Since childhood, I have had a weight problem. Carrying extra weight was physically limiting, as most anyone can understand. What is lost is the emotional and spiritual toll this can have on a person. I know firsthand what long term damage obesity can have upon a person. I am not looking for sympathy or to change hearts. The hands of time cannot be reversed and I am not looking to expose former things. This is an exploration of discovery to help me step into my future. By losing 175 pounds in the last 3 years, I have brought a new discipline to my physical health through understanding how I got heavy and how to lose weight. In the same manner I am looking to bring a new discipline and understanding to how my obesity has affected my personality and how that too can change as a part of the new me.
School years are difficult for everybody. We all have our easy buttons, some are just easier. My weight was the easy target by classmates and adults alike. Sometimes you’d lash out – like the time I threw over a classmate’s desk in seventh grade after he led several students in imitating me “bouncing” around the room. But more often you’d say nothing because there was really nothing you could do. Like the time a teacher commented that a group of students needed to “get their little behinds out of the gym.” I guess she just wanted to convey accuracy when I passed by and she clarified, “or not so little.” Sporting events were always enjoyable – I was regularly serenaded with songs from the Fat Boys and was actually called a beached whale after diving out of bounds to save a basketball (adult spectator at the local Catholic high school). Consider dating and courting and you can imagine how my weight impacted me in that arena as well. I’m glad I didn’t have a nickel for every time I’ve been told what a great guy I am, but… I’d have probably used the money to buy fast food.
My usual response was to ignore it; to act like I didn’t hear it, but I did. I heard every comment, every snicker, every insult. They not only hit my ears, but they stayed with me and became the basis of how I viewed myself. Over time, I simply became synonymous with my size. This was a coping mechanism – it was much easier to accept it than fight it or change. I had lost the hope that I would ever change, that anything would be or could be different. I simply masked my frustration and tried my best to hide my size to the world.

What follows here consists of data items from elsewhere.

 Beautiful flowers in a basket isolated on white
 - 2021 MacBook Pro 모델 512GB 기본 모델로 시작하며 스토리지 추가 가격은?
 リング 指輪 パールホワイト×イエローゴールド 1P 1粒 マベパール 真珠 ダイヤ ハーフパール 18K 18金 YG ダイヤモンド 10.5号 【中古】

This seems absurd, but it is the absolute truth. Overweight people will wear certain styles of clothing to try and hide their size. I took it to another level by trying to hide my size through most every action and decision I’ve ever made. I am afraid of being in the way because if I’m blocking an aisle it’s because I’m so big – so I avoid crowds. I hang back in crowded rooms. I wait until everyone else has passed by so as to not crowd them with my girth. I stand behind others and back away from conversations where I feel myself opened up and my size exposed. I am afraid to use my size and strength for fear that I’ll come across as some massive bulk or a bull in a china shop. When helping a friend move recently I noticed frustration on her part because I took so long to find the perfect way to handle and hold the furniture when all I really needed to do was just grab it and move it. My actions are calculated, my motions thought out to make sure that my size doesn’t make me stand out. I sit up straight and act in a very formal and proper manner so as to not give the appearance of being a slob. What I’ve come to learn is this behavior gives off the feeling that I’m uptight. People would often tell me to “relax” or “breathe.” I couldn’t understand why they were saying this – I was relaxed, at least I thought I was. It confuses me – but it happens very often. In my career I am dubbed unapproachable. In my dating life I am considered insecure. In my own mind, I am undesirable, unlovable, and unappealing.

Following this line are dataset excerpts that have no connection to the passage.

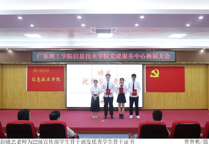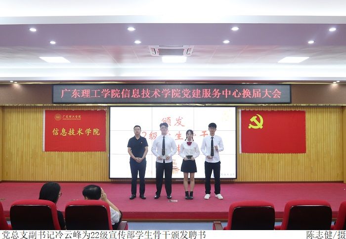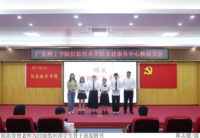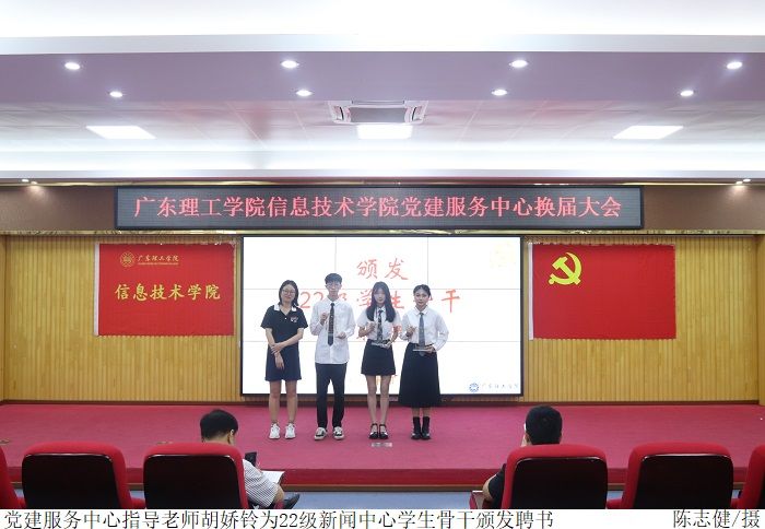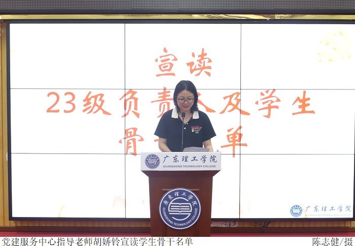 大会期间,党建服务中心指导老师胡娇铃上台宣读23级党建服务中心负责人以及学生骨干名单,她表示本次换届不止是一次工作的交接,更是责任的传承。希望党建服务中心新一届学生骨干能够继续秉持一贯的优良作风,自信自强、守正创新、踔厉奋发、勇毅前行,以更加饱满积极的心态开展新学年的工作,让党建服务中心迸发出更多的可能性。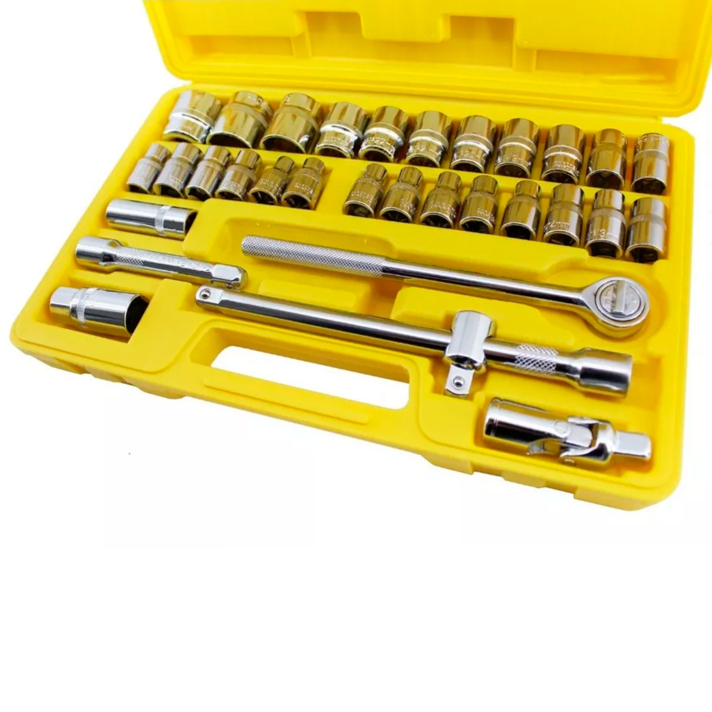 Kit Jogo De Soquetes 1/2 Pol. Com 32 Peças Aço Cromo Vanádio Cr-V Profissional Com Maleta Resistente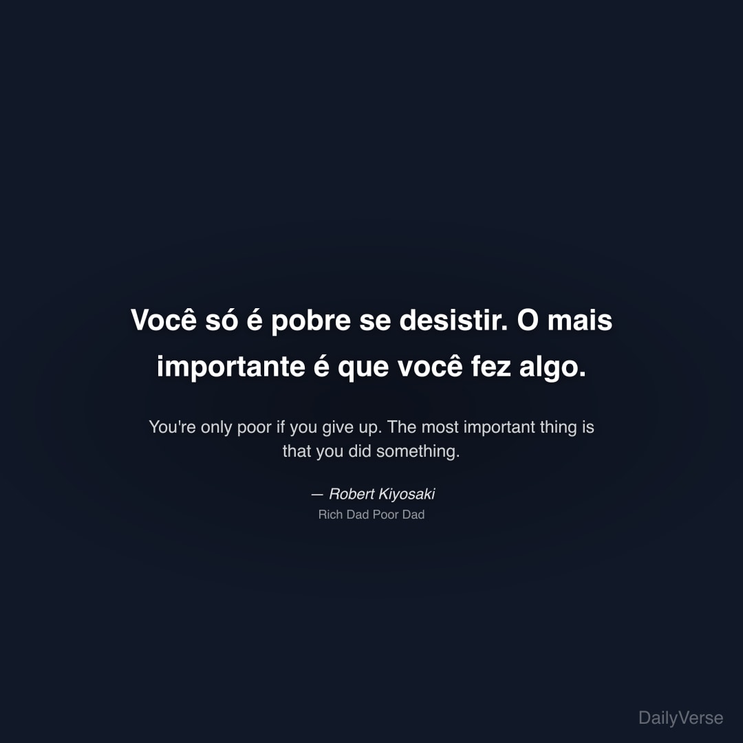 "Você só é pobre se desistir. O mais importante é que você fez algo." — Robert Kiyosaki
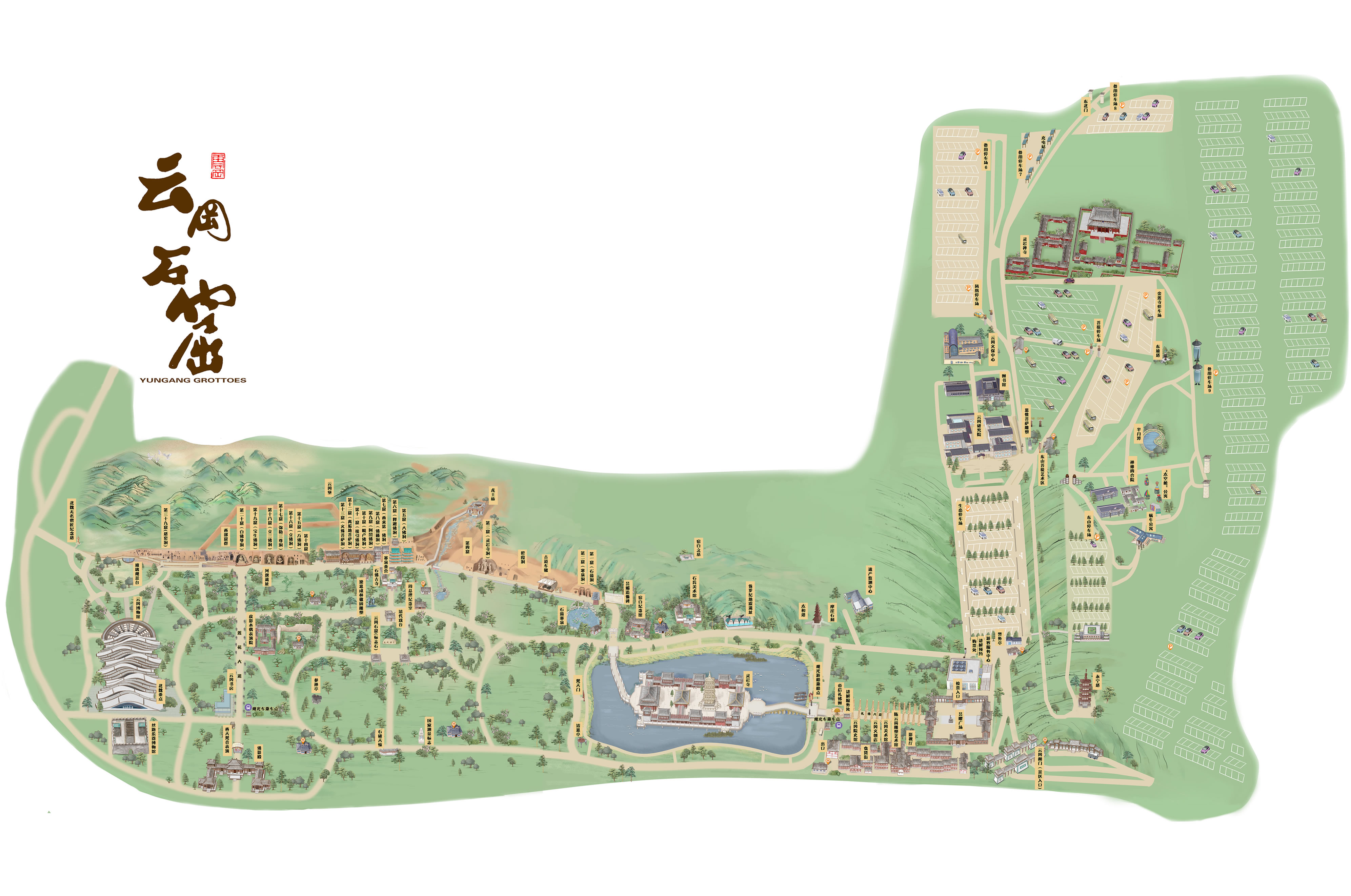 云岡石窟與我國諸多石窟寺比較,最具西來樣式,所謂胡風胡韻最為濃郁,后期營造的石窟又引領(lǐng)了中華佛教藝術(shù)本土化、世俗化、民族化的新風尚,這在中華藝術(shù)寶庫中是獨一無二。如今的云岡石窟大景區(qū),以恢宏的皇家氣勢、自然的生態(tài)園林和優(yōu)雅的文化環(huán)境,成為海內(nèi)外游客紛至沓來的禮贊圣地。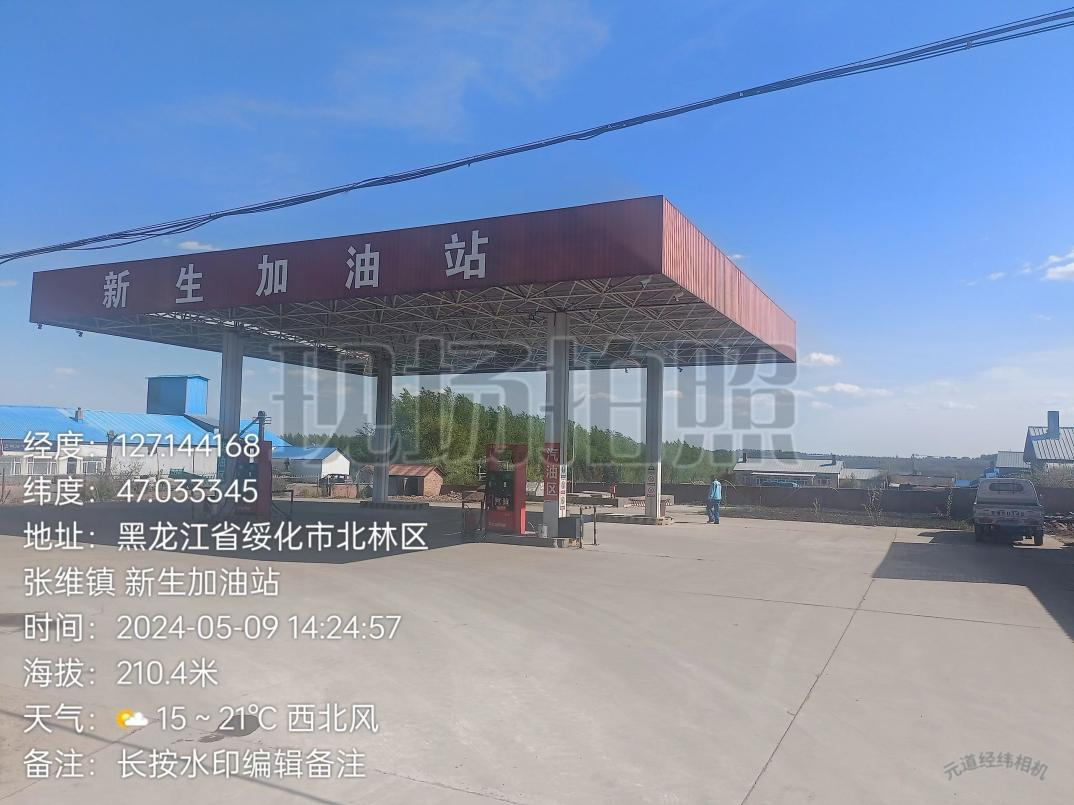 绥化市北林区新生加油站罐区为地下储罐区(非承重),采用双层油罐的防渗漏措施。共设有2个埋地卧式油罐,其中柴油储罐1座,单罐容积为20m3;汽油储罐1座,单罐容积为20m3。总容积40m3,根据《汽车加油加气加氢站技术标准》GB50156-2021第3.0.9条要求,按柴油储罐容积折半计算为30m3,属于三级加油站。站内设有2台加油机,其中汽油加油机1台,柴油加油机1台。站内设有分散式汽油加油油气回收系统和汽油卸油油气回收系统。

By now you may have noticed my use of present tense verbs and it may confuse you. Didn’t I say that I’ve lost 175 pounds? Yes I have. Doesn’t that make all of this past tense? Physically? Yes. Emotionally? Not so fast. In truth, I am really just beginning to discover these things and realize that the byproduct o f years of obesity is a genuine lack of self-value. I struggle to love myself. And if this is true, how much more difficult is it for me to give and receive love from others?
This is where I stand today – my eyes finally opened to the realization that I must view myself with a greater level of value. So how am I going to do this? I’ll do it by turning to my Lord and Savior, Jesus Christ, the Son of God who extended to me the greatest demonstration of love ever seen on earth.

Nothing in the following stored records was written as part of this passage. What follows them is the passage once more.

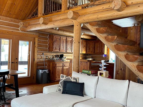This 4 bedroom/ 2 bath log home features an open floor plan, cathedral ceilings and multiple living spaces on two scenic acres with no CCRS or HOA fees. Enjoy the mountain views on the large covered back porch or spend the night in the immaculate backyard dome. Built in 2003, this NeVille Log Home out of Montana offers ample kitchen space with circle sawn fir hardwood floors and cabinets and two efficient propane fireplaces. The property is fenced with a 10 x 20 bully barn building with electricity, a separate garden shed, and crystal clear well water, just 10 minutes south of Alpine. Sold fully furnished! Currently the property is being rented out nightly. The home has a transferable mortgage at 2.875% for veterans!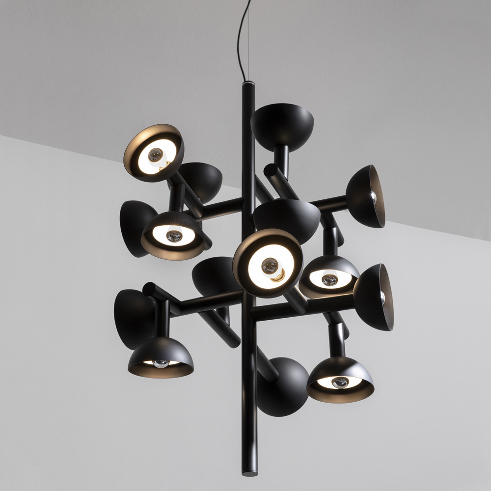 Lampen er lavet med en aluminiumsstruktur af to finish til et helt italiensk design, som gennem ukonventionelle eksperimenter og den kontinuerlige forskning mellem tradition og modernitet er i stand til at forbløffe, vove og begejstre, så du kan udtrykke dine følelser gennem en original og personlig dekorativ brug af lys.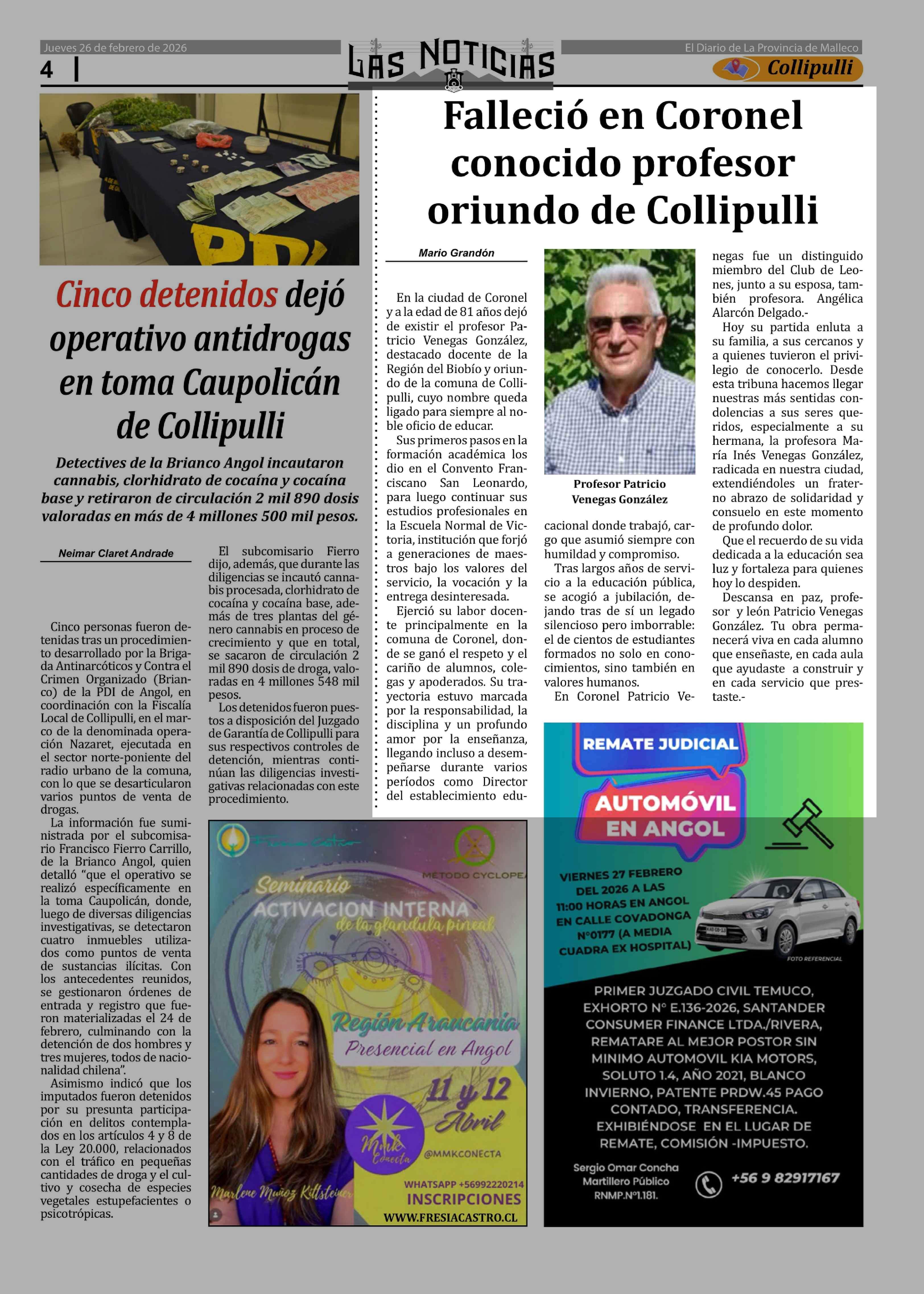 Falleció en Coronel conocido profesor oriundo de Collipulli 26-02-2026 Las Noticias |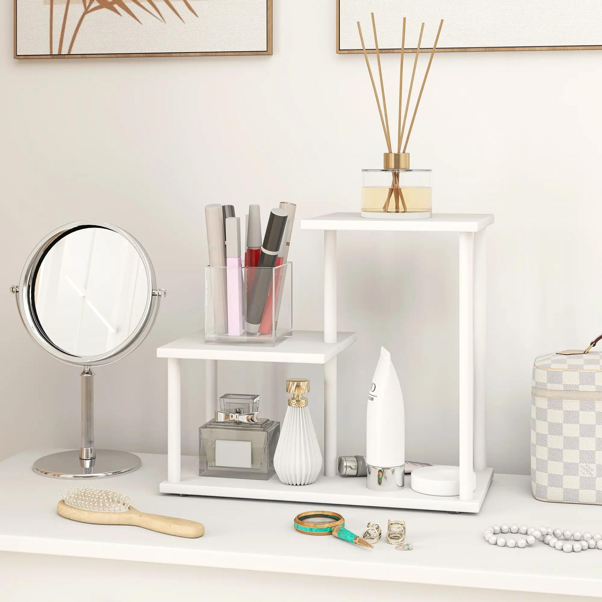 - ALMACENAMIENTO ESPACIOSO EN TRES NIVELES: Esta estantería incluye estantes de diferentes tamaños que ofrecen un almacenamiento versátil y práctico, ideal para mantener escritorios, mesas de oficina o tocadores ordenados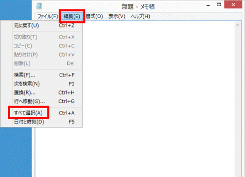 - パスワードを入力したら、「編集」メニュー→「すべて選択」の順にクリックします。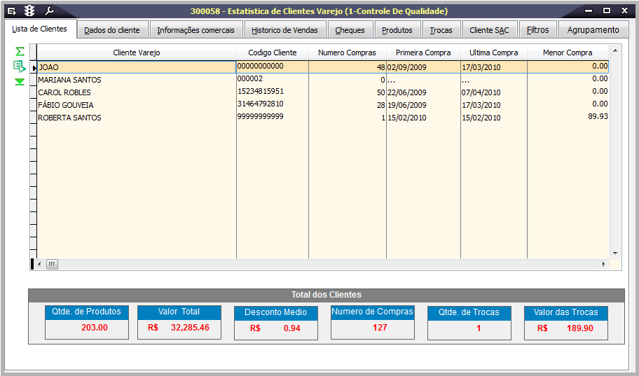 A tela de estatísticas de cliente é uma ferramenta para gestão do relacionamento com os clientes da base, já que permite consultar dados de histórico de compras, dados cadastrais, informações comercias, dados do endividamento, produtos comprados, produtos trocados, valores, formas de pagamento entre outros.

It is unimaginable to me how somebody could love me. I’ve had precious little experience with it in an earthly sense. But in Christ I see the purest form of love ever poured out. Romans 5:8 is a common passage of Scripture, but it provides the baseline truth from which I must view every day of my renewed life. “But God demonstrates His own love for us in this: While we were still sinners, Christ died for us.” Christ died for us. Christ died for me.
Jesus loved me enough to die for me, in spite of my sinfulness, in spite of my shortcomings, in spite of my obesity, Christ loved me enough to go to the cross for me. In that sacrificial act and His resurrection, God has changed me, altered my destiny, and set me on a course toward salvation and eternal bliss in His presence. But more than that, He has transformed me while I am still here on earth so that I might share this word – to share His word while firmly rooted in the full confidence that mine is a life worth saving because He loved me enough to save it.
I am 175 pounds lighter. I am in better control of my life than I have ever been. I am connected to God more definitively than ever before. I am filled with the Holy Spirit who will refresh and restore my soul. And above all, I am loveable because of the one who loved me first.